WHAT YOU HAVE TO DO → Some entries follow. Reproduce exactly the lines starting at the one with "فرزاد زرین بعد" and stopping after the one with "diversos estudios clínicos".

RECORD EXCERPTS →
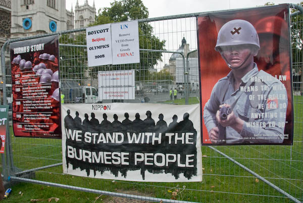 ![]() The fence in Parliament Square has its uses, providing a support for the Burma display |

==

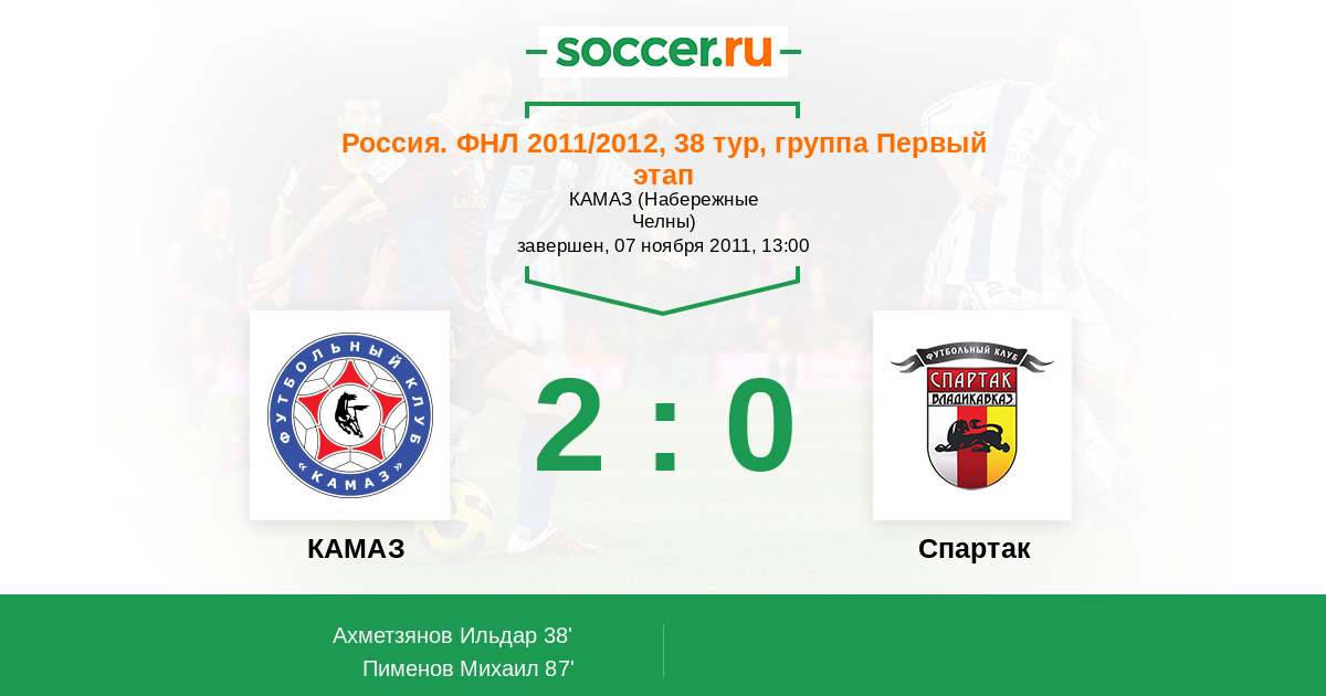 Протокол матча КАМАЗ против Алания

--

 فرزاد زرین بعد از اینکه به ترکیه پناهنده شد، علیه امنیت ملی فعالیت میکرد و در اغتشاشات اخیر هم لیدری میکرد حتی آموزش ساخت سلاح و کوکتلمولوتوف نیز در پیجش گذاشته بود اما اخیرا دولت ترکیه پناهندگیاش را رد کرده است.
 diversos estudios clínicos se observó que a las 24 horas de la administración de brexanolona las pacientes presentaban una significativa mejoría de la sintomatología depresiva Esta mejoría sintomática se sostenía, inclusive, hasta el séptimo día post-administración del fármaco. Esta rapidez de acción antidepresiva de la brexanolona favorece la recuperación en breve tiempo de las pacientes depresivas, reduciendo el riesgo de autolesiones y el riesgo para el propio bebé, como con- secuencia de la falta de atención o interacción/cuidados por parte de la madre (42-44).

SOLVED EXERCISE →
 فرزاد زرین بعد از اینکه به ترکیه پناهنده شد، علیه امنیت ملی فعالیت میکرد و در اغتشاشات اخیر هم لیدری میکرد حتی آموزش ساخت سلاح و کوکتلمولوتوف نیز در پیجش گذاشته بود اما اخیرا دولت ترکیه پناهندگیاش را رد کرده است.
 diversos estudios clínicos se observó que a las 24 horas de la administración de brexanolona las pacientes presentaban una significativa mejoría de la sintomatología depresiva Esta mejoría sintomática se sostenía, inclusive, hasta el séptimo día post-administración del fármaco. Esta rapidez de acción antidepresiva de la brexanolona favorece la recuperación en breve tiempo de las pacientes depresivas, reduciendo el riesgo de autolesiones y el riesgo para el propio bebé, como con- secuencia de la falta de atención o interacción/cuidados por parte de la madre (42-44).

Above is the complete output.